Transcribe the entries below exactly, starting with the line that has "Criança brincando no" and stopping after the line that has "A vast field"; no pictures belong in the copy.

* _Extracted entries_

* * * * * * * * *

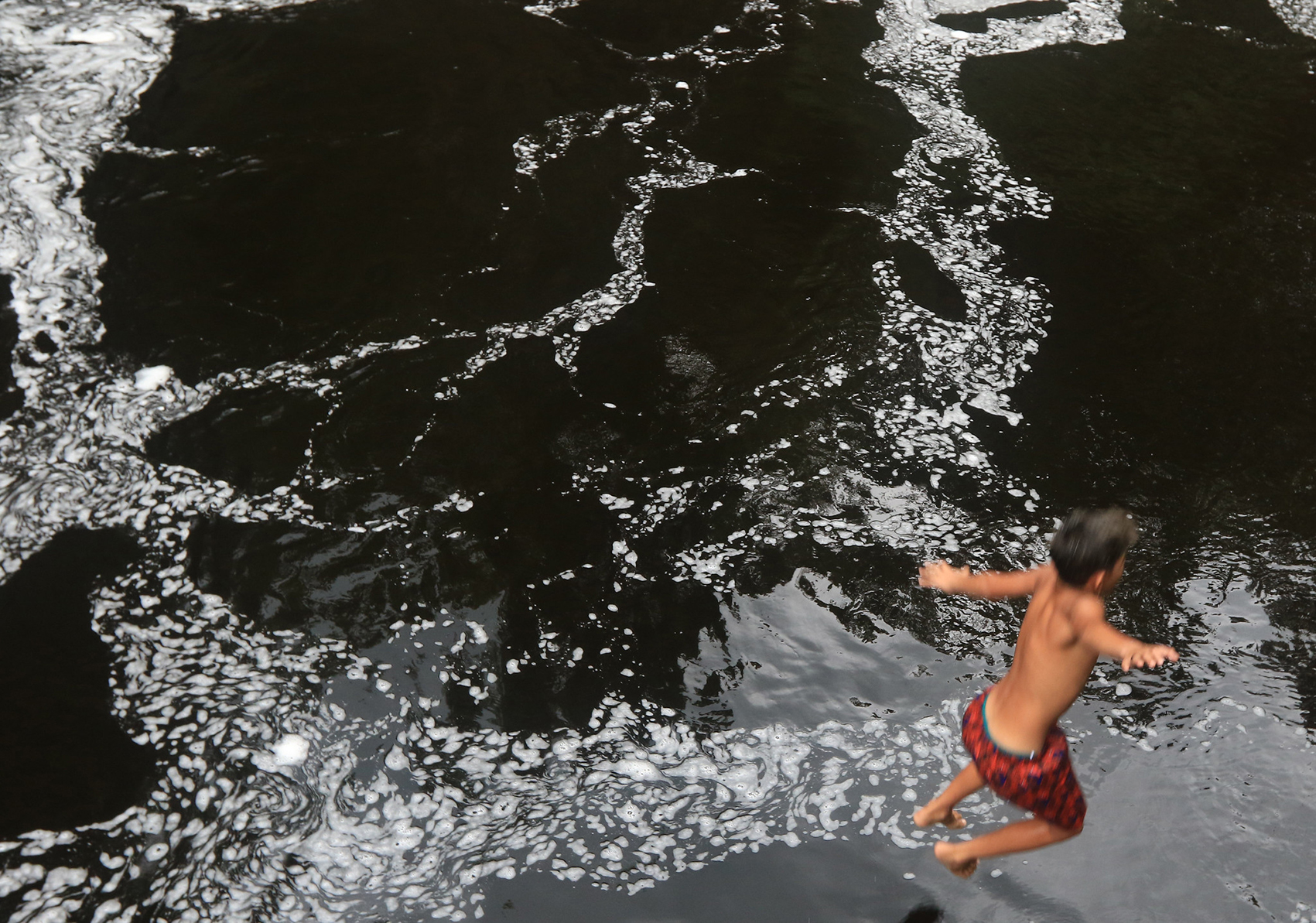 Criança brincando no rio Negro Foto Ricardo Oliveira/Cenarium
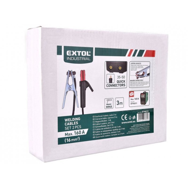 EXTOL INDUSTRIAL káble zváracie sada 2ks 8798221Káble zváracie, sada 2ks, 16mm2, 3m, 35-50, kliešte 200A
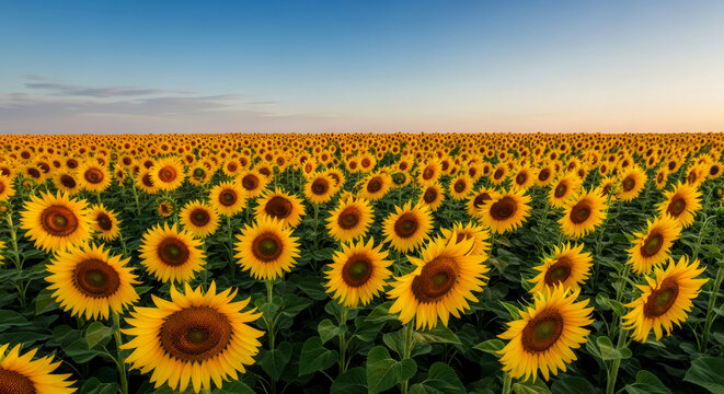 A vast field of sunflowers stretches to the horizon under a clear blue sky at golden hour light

* * * * * * * * *

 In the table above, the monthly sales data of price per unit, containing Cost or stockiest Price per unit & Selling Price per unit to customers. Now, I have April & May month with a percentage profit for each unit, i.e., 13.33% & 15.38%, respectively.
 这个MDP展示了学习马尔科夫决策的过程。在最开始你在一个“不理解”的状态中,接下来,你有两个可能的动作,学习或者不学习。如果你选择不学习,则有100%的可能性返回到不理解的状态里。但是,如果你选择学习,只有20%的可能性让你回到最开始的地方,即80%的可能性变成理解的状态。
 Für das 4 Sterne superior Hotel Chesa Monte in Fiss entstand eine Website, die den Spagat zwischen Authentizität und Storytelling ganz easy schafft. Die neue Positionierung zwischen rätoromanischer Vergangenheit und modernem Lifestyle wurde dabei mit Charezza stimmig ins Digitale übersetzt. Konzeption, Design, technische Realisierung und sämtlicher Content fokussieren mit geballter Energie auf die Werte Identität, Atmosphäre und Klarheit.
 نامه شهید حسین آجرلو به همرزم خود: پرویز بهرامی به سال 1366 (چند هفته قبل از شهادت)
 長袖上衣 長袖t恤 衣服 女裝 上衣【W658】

* * * * * * * * *

* _Response area_
 Criança brincando no rio Negro Foto Ricardo Oliveira/Cenarium
 EXTOL INDUSTRIAL káble zváracie sada 2ks 8798221Káble zváracie, sada 2ks, 16mm2, 3m, 35-50, kliešte 200A
 A vast field of sunflowers stretches to the horizon under a clear blue sky at golden hour light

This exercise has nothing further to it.